Publication
First published following ‘A Priest in Spite of Himself‘ in Rewards and Fairies (1910). (‘A Priest in Spite of Himself’ was first published in the magazine Delineator, August 1910, but without the poem). Collected in Songs from Books (1912) and in the later verse collections.
Peter Bellamy’s sung version of the poem is here.
The poem
Anna Weygandt (p. 179) suggests that this poem may owe something to the early eighteenth-century “Admiral Benbow”:
Come, all you sailors bold,
Lend an ear, lend an ear,
Come all you sailors bold, lend an ear;
It’s of our Admiral’s fame,
Brave Benbow call’d by name,
How he fought on the main
You shaII hear…
See also “A Smuggler’s Song”.
Notes on the Text
[Verse 1]
Virginny: tobacco from Virginia
guinea: old coin worth one pound one shilling.
You reckon too much: “You” are miserly to complain of the price: “ you” are only smoking smuggled tobacco because it is cheaper than the legitimate article, which costs more because customs duty has been paid on it.
[line 4] churchwarden: a clay pipe with a long stem.
[Verse 2]
And they press half a score: take the seamen by force to serve on the naval ships, which is why, in Verse 4, ‘we tumble short-handed’.
[Verse 4]
New canvas to bend: another example of Kipling’s exact use of nautical terms, meaning new sails to tie to the yards. The old ones have been torn by the frigate’s shot.
broadsides the Atlantic: out on the deep ocean; the next stage of the journey is the Azores. ‘broadsides’ as a preposition, poetic licence by Kipling, may suggest that after being fired on the smugglers’ vessel is drifting broadside on, to the seas.
[Verse 5]
Roll, twist and leaf: forms of tobacco
[Verse 6]
off the wind: the chasing ship, which can no longer be manoeuvred because of its detached foresail, is driven headlong by the wind. [D.H.]

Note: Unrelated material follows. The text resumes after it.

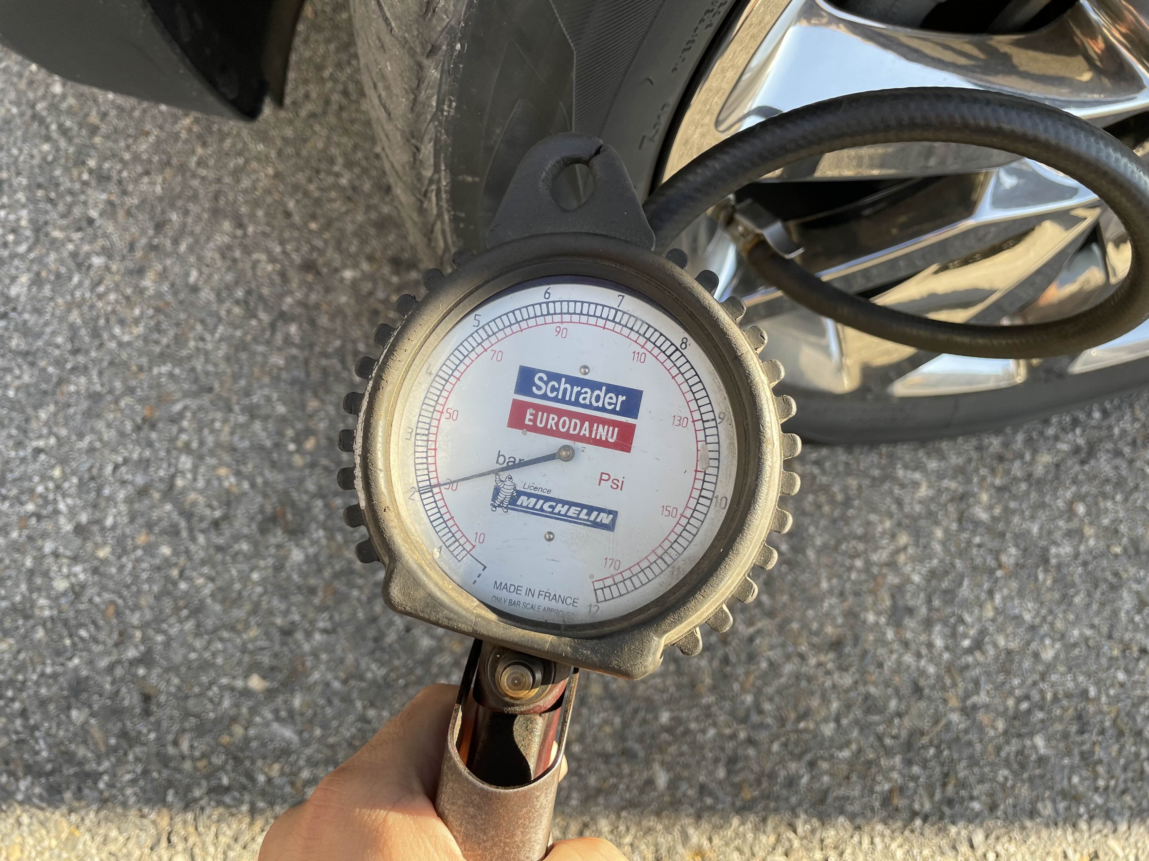 모든 바퀴에 공기를 넣고 공기압을 확인해보니 모든 바퀴가 43~44로 맞춰졌다. 타이어에 공기를 넣자마자 타이어 공기압 경고등이 사라지지 않는다. 5분 정도 운전을 하면 타이어 공기압이 정상이라고 판단되면 그때 타이어 공기압 경고등이 사라진다.

stern-chasers: guns mounted in the stern to fire at a pursuing ship
fore-braces: ropes that hold the yard of the foresail at the correct angle to the wind. If these are “cut up”, the pursuer cannot be kept on course.
[Verse 7]
Forties and Fifties: parallels of latitude. Kipling is, as usual, accurate. Land’s End is at latitude 50°04′07″N, and Ushant at 48°27′29″N.
Land’s End: the western point of Cornwall at the mouth of the English Channel
Alas it is Ushant: (now Oussant) Island off the west of Brittany, guarding the passage to the main French naval base of Brest. The English “King’s Navy” maintained a constant patrol there to prevent the French fleet from leaving port. It is still known as ‘Ushant’ in English.
[Verse 8] the Scillies: a group of islands off the southwestern tip of Cornwall. Now a popular holiday destination, then a place of peril for smugglers.
[Verse 9]
The Lizard and Dover: the two ends of the English Channel, a run of some 300 miles. The Lizard is a peninsula in south Cornwall some twenty-five miles up Channel from Land’s End. The speaker may not tell us how or when they hand their barrels over, and he is not going to give any hint of where, either; but see “Brother Square-toes“, Rewards and Fairies p.150.
‘Just about. It’s seven fathom under her—clean sand. That was where Uncle Aurette used to sink his brandy kegs from Boulogne, and we fished ’em up and rowed ’em into The Gap here for the ponies to run inland.
on each quarter: on either side of the vessel.
[Verse 10]
meddlesome strangers: the Customs or Revenue men whose job it was to combat smuggling.
handspike: an iron bar used as a lever to aim the guns. It also made a handy weapon.
[Verse 11]
to dangle in chains: after execution, the bodies of smugglers, like pirates, were often hung on gibbets to deter others.